Good job guys, you are killing it, couldn't be happier for you.

But in the sober light of day, while glancing at the bullet-point accomplishments in USAID's bloated press release, it becomes painfully clear — the United States is barely scratching the surface in any humanitarian fight.

And with this realization comes another — it isn't the governmental agencies that are most effective in humanitarian aid, but the privately run, nonprofit groups that are doing the most to help the less fortunate abroad.

Take Haiti. Two years after the 7.0 magnitude earthquake wiped-out an estimated 316,000 people, out of the $4.5 billion pledged by countries, less than half has been distributed.

A reason for the apathy you might ask? Well, of course — the best reason a government can find to keep money to itself: the current conflict between ex-members of Haiti's armed forces and the current Haitian President Michel Martelly.

Or in another word, politics.

The aftermath of Haiti's former Prime Minister Garry Conille, who resigned in February after just four months in office, is a premium example of the way Haiti's politics has deterred foreign investment.

As Time reported, "Thanks to the acrimony between the president and Parliament, Haiti went without a prime minister — who runs the government and therefore oversees disbursement of earthquake-recovery funds — for more than six months after Martelly was sworn in last May."

The reason, as Time cited, that investors were nervous about investing in Haiti's government and recovery process.

The beautiful thing about private foundations is that they are not tied by the same red tape as governmental agencies.

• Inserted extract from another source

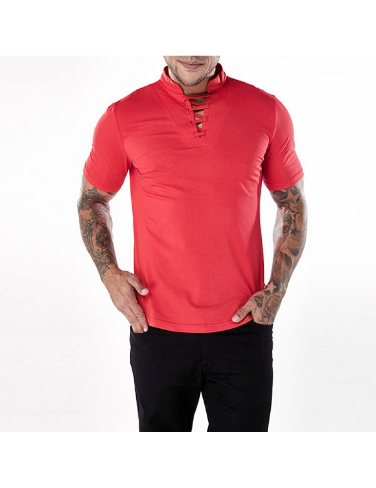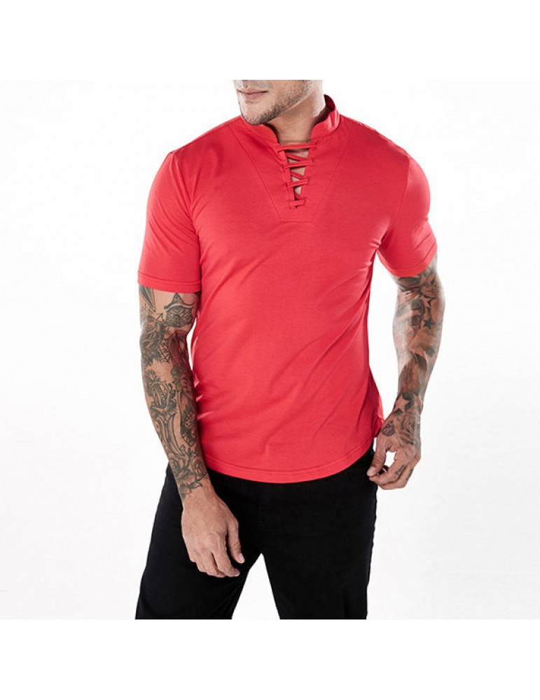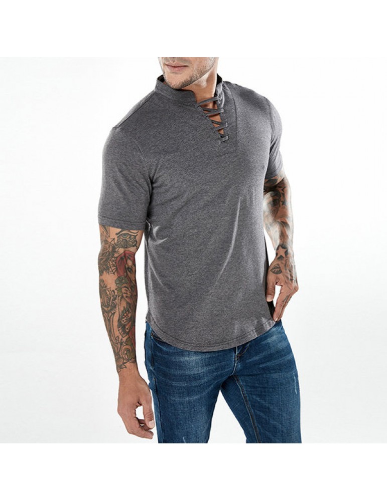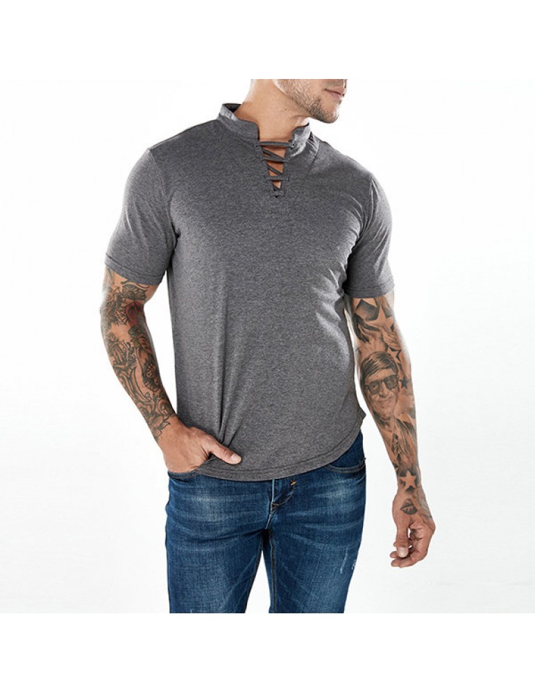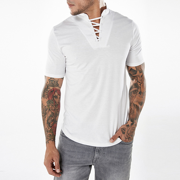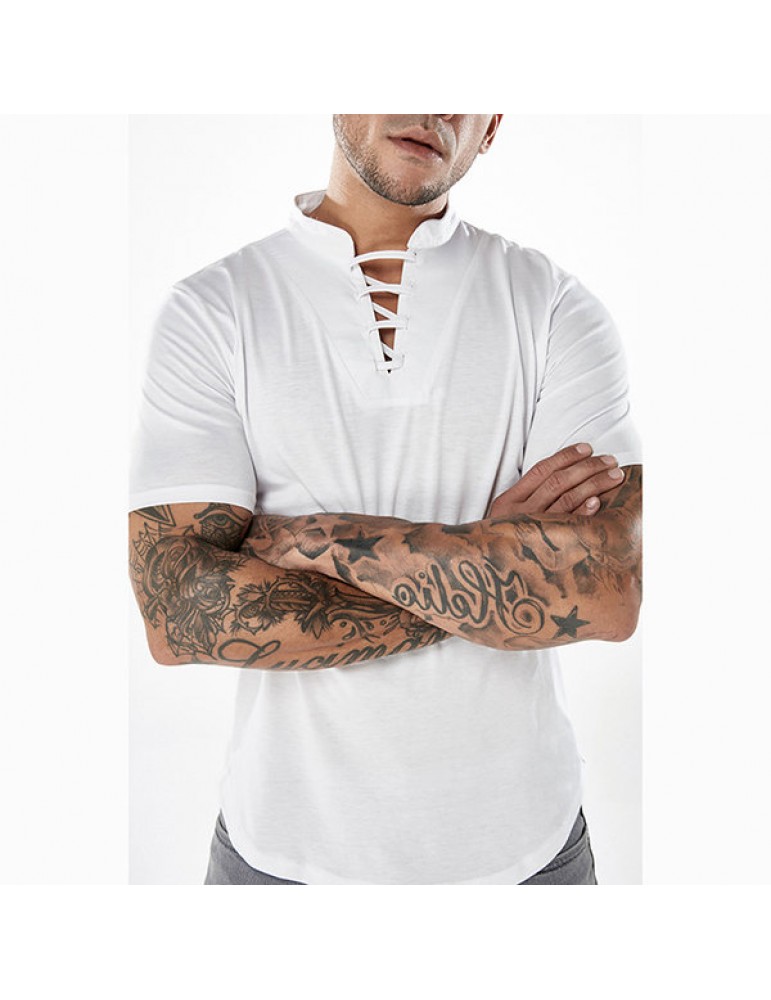 Mens Fashion Bust Bandages Tees V-neck Short Sleeve Regular Fit Casual Cotton T Shirts

They can continually give money to aid in reconstruction and redevelopment of any part of the globe they see fit.

Private groups such as the Bill and Melinda Gates Foundation, which alone has given nearly $20 billion to global health and development since its inception. They get the money to the right people who do the work no matter what the latest political trends.

But it's not just about how much money has been or can be disbursed. Sometimes, money needs to be disbursed over time in order to maintain a certain level of aid over a certain amount of time. It's also about how many people can be organized to help.

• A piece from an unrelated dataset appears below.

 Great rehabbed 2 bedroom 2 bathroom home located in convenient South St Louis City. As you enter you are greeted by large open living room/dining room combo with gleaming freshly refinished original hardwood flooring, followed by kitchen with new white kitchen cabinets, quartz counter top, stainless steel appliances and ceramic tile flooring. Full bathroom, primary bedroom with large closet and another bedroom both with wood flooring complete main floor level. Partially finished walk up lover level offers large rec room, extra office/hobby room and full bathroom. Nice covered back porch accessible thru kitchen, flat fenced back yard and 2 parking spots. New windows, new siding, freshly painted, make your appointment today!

In 2010, volunteers organized by the U.S. flocked to Haiti, showing support in any way possible. Today, not even government entities can get themselves organized, though the Haiti crisis is far from over.

After a four-day trip to Haiti, on March 24, Helen Clark of the U.N. Development Program urged the Haitian government to revive an international panel originally created to coordinate the reconstruction and rebuilding of the impoverished country. The panel, that included former President Bill Clinton, was dissolved in October after lawmakers could not come to a consensus over renewal of their charter.

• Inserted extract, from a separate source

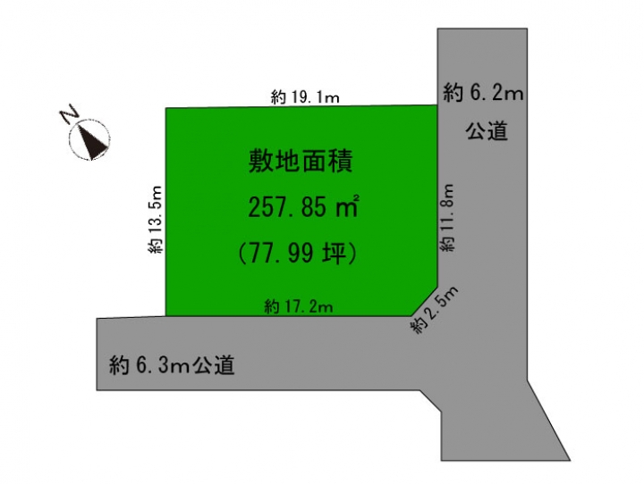 南西側約6.3m公道・東南側約6.2m公道

To me, that would be an obvious question to answer: Should we continue helping people? Yes. OK, let's move on.

In complete contrast to the disorganization of government, private, nonprofit organizations continue to sprout from the sands of struggle to help the Haitian people.

One such organization, called the Community Health Initiative, has been fighting against red-tape and disease alike to continue its mission to provide safety and aid to Haiti. In an emotional and determined press release sent earlier this year, the group happily announced it was finally established as an independent nonprofit organization solely devoted to providing aid to Haiti.

So far in 2012, the group's mobile clinics, including many students from the chapter at UI, have seen more than 2,000 patients and distributed more than $300,000 worth of medicine. Alone.

So, if you want to play a game of regime change, keep telling yourself that governments are the answer to international humanitarian crises. But if you want results, look to the nonprofits such as the Community Health Initiative to get real things done.